Location
- Russell Street Cleveland, Queensland Australia 27°31′48″S 153°15′40″E﻿ / ﻿27.53°S 153.261°E

Information
- Type: Public, secondary
- Motto: Semper Digne (Always Worthy)
- Established: 1956
- Principal: Leonard McKeown
- Grades: 7–12
- Enrolment: 2254 (2024)
- Colours: Maroon, gold and white

= Cleveland District State High School =

Public school in Cleveland, Queensland, Australia

Cleveland District State High School is an independent coeducational public secondary school based in Cleveland in the local government area of Redland City in Queensland, Australia. As of August 2023, the school had a total enrolment of 2,254 students.

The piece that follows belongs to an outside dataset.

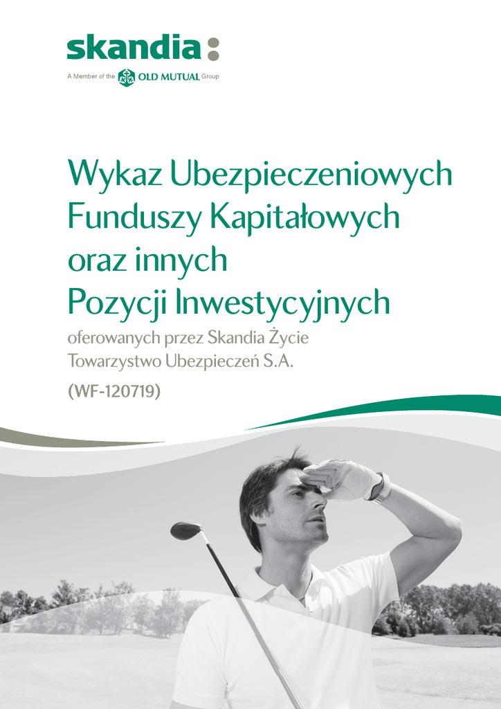 Wykaz Ubezpieczeniowych Funduszy Kapitałowych oraz innych Pozycji Inwestycyjnych oferowanych przez Skandia Życie Towarzystwo Ubezpieczeń S.A. (WF-120719) Fundusze akcyjne Fundusze aktywnej alokacji/absolutnej stopy zwrotu Fundusze d∏u˝ne Ubezpieczeniowy Fundusz Kapita∏owy: Skandia Allianz subfundusz Allianz Akcji Skandia Allianz subfundusz Allianz Akcji Małych i Ârednich Spółek Skandia Arka BZ WBK Subfundusz Arka BZ WBK Akcji Skandia Arka BZ WBK Subfundusz Arka BZ WBK Akcji Ârodkowej i Wschodniej Europy Skandia Aviva Investors Subfundusz Aviva Investors Małych Spółek Skandia Aviva Investors Subfundusz Aviva Investors Polskich Akcji Skandia Investor Akcji Du˝ych Spółek Skandia ING Parasol ING Subfundusz Akcji Skandia ING Parasol ING Subfundusz Rosja EUR Skandia Legg Mason Akcji Skandia Noble Funds subfundusz Noble Fund Africa Skandia Noble Funds subfundusz Noble Fund Akcji Skandia Noble Funds subfundusz Noble Fund Akcji Małych i Ârednich Spółek Skandia Quercus Parasolowy Subfundusz Quercus Agresywny Skandia Quercus Parasolowy Subfundusz Quercus lev Skandia Quercus Parasolowy Subfundusz Quercus short Skandia Novo Subfundusz Novo Akcji Skandia Skarbiec Subfundusz Akcji Skarbiec-Akcja Skandia UniFundusze subfundusz UniAkcje Małych i Ârednich Spółek Skandia UniFundusze subfundusz UniKorona Akcje Skandia BGF Global Opportunities Fund Skandia BGF US Basic Value Fund Skandia BGF Japan Small & MidCap Opportunities Fund Skandia BGF World Gold Fund Skandia BGF World Mining Fund Skandia BGF Latin American Fund Skandia Pacific Equity Fund Skandia US All Cap Value Fund Skandia Templeton Emerging Markets Fund Skandia Templeton Asian Growth Fund Skandia Templeton BRIC Fund Skandia Templeton Frontier Markets Fund Skandia Schroder ISF Emerging Markets Skandia Schroder ISF Japanese Equity Skandia HSBC GIF Chinese Equity Skandia HSBC GIF Global Emerging Markets Equity Skandia HSBC GIF Indian Equity Skandia HSBC GIF Euroland Equity Smaller Companies Skandia JPMorgan Funds – Europe Equity Fund Skandia JPMorgan Funds – Europe Dynamic Fund Skandia Julius Baer Multistock – Europe Small & Mid Cap Stock Fund Skandia BGF Emerging Europe Fund Skandia Schroder ISF Global Property Securities Skandia European Best Ideas Fund Skandia Templeton Growth (Euro) Fund Waluta: PLN PLN PLN PLN PLN PLN PLN PLN PLN PLN PLN PLN PLN PLN PLN PLN PLN PLN PLN PLN USD USD USD USD USD USD USD USD USD USD USD USD USD USD USD USD USD EUR EUR EUR EUR EUR EUR EUR EUR Kod ALL3 ALL1 ARKA3 ARKA1 CU1 CU3 DWS3 ING3 ING5 KAHA2 NB6 NB3 NB4 QUE1 QUE2 QUE3 SEB3 SKAR3 UNK6 UNK3 ML1 ML2 ML4 ML5 ML6 ML7 SKAN4 SKAN5 TEMP1 TEMP3 TEMP4 TEMP7 SCH3 SCH4 HSBC1 HSBC3 HSBC4 HSBC2 JPM1 JPM2 JB2 ML3 SCH2 SKAN7 TEMP2 Ubezpieczeniowy Fundusz Kapita∏owy: Skandia BPH Total Profit Skandia ING Parasol ING Subfundusz Selektywny Skandia Novo Subfundusz Novo Aktywnej Alokacji Skandia UniFundusze Subfundusz UniTotal Trend Waluta PLN PLN PLN PLN Kod BPH7 ING6 NOVO4 UNK7 Ubezpieczeniowy Fundusz Kapita∏owy: Skandia Arka BZ WBK Subfundusz Arka BZ WBK Obligacji Skandia BPH Subfundusz Obligacji 2 Skandia Aviva Investors Subfundusz Aviva Investors Obligacji Skandia ING Parasol ING Subfundusz Gotówkowy Skandia Legg Mason Pieni´˝ny Skandia Noble Funds subfundusz Noble Fund Skarbowy Skandia Novo Subfundusz Novo Obligacji Przedsi´biorstw Skandia Pioneer Subfundusz Pioneer Obligacji Plus Skandia Pioneer Subfundusz Pioneer Pieni´˝ny Skandia Skarbiec Subfundusz Pieni´˝ny Skarbiec-Kasa Skandia UniFundusze subfundusz UniKorona Obligacje Skandia UniFundusze subfundusz UniKorona Pieni´˝ny Skandia UniFundusze subfundusz UniWIBID Skandia Schroder ISF Emerging Markets Debt Absolute Return Waluta PLN PLN PLN PLN PLN PLN PLN PLN PLN PLN PLN PLN PLN PLN Kod ARKA2 BPH1 CU2 ING4 KAHA4 NB2 SEB2 PIO2 PIO6 SKAR4 UNK2 UNK4 UNK5 SCH5 Skandia Templeton Global Total Return Fund Skandia Templeton European Total Return Fund Skandia Julius Baer Multibond - Dollar Bond Fund Skandia Total Return USD Bond Fund Skandia Emerging Market Debt Fund PLN EUR USD USD USD TEMP6 TEMP5 JB1 SKAN2 SKAN3 Ubezpieczeniowy Fundusz Kapita∏owy: Skandia JPMorgan Investment Funds – Highbridge Statistical Market Neutral Fund Waluta USD Kod JPM3 Fundusze hedgingowe Ubezpieczeniowy Fundusz Kapita∏owy: Skandia BPH Subfundusz Globalny ˚ywnoÊci i Surowców Skandia Investor Parasol Subfundusz Investor Gold Otwarty Waluta PLN PLN Kod BPH6 DWS5 Fundusze surowcowe Ubezpieczeniowy Fundusz Kapita∏owy: Skandia Alternative Investments Fund Waluta USD Kod SKAN6 Fundusze alternatywne Ubezpieczeniowy Fundusz Kapita∏owy: Skandia Superfund Trend Bis Powiàzany Waluta PLN Kod SF1 Fundusze managed futures (inwestycje zarzàdzane automatycznie) Ubezpieczeniowy Fundusz Kapita∏owy: Skandia Noble Funds subfundusz Noble Fund Global Return Waluta PLN Kod NB5 Fundusze globalne Ubezpieczeniowy Fundusz Kapita∏owy: Skandia Euro Gwarantowany 20201 Skandia Euro Gwarantowany 20212 Skandia Euro Gwarantowany 20223 Skandia Euro Gwarantowany 20234 Skandia Euro Gwarantowany 20245 Skandia Euro Gwarantowany 20256 Skandia Euro Gwarantowany 20267 Skandia Euro Gwarantowany 20278 Waluta EUR EUR EUR EUR EUR EUR EUR EUR Kod SEG2020 SEG2021 SEG2022 SEG2023 SEG2024 SEG2025 SEG2026 SEG2027 Fundusze gwarantowane Portfele modelowe Nazwa portfela Portfel Modelowy Zrównowa˝ony Portfel Modelowy Stabilnego Wzrostu Portfel Modelowy Akcyjny Portfel Modelowy Aktywnej Alokacji Kod PM1 PM2 PM3 PM4 Us∏ugi dodatkowe Nazwa us∏ugi Program zindywidualizowanych Portfeli „Multinavigator” Program „Rebalancing” Kod ALM REB Niniejszy Wykaz został zatwierdzony Uchwałà Nr 60/2012 Zarzàdu Skandia ˚ycie Towarzystwo Ubezpieczeƒ S.A. z dnia 18 lipca 2012 roku, która wchodzi w ˝ycie z dniem 19 lipca 2012 roku. Paweł Ziemba Prezes Zarzàdu 1 2 3 4 5 6 7 8 Witold Czechowski Członek Zarzàdu Ubezpieczeniowy Fundusz Kapitałowy przeznaczony jest dla Umów z Datà Do˝ycia po dniu 24 stycznia 2020 r. Ubezpieczeniowy Fundusz Ka

Cleveland District State High School's current role of Executive Principal is held by Leonard McKeown. The school also consists of five Deputy Principals, nine Heads of Department and five Deans of Students.

==History==

In January 1956, Cleveland District State High School began operating on the grounds of Cleveland State School as the first secondary school in the Redland City area. The school had a population of 32 students and was led by Head Teacher Ted Liesegang. By 1960, the school had reached a total population of 54 students, followed by 84 in the following year. In order to meet the growing demands of the school, new school facilities were constructed on land on Russell Street in the early 1960s. The school was officially opened by the State Treasurer, Sir Thomas Hiley, on 27 April 1963.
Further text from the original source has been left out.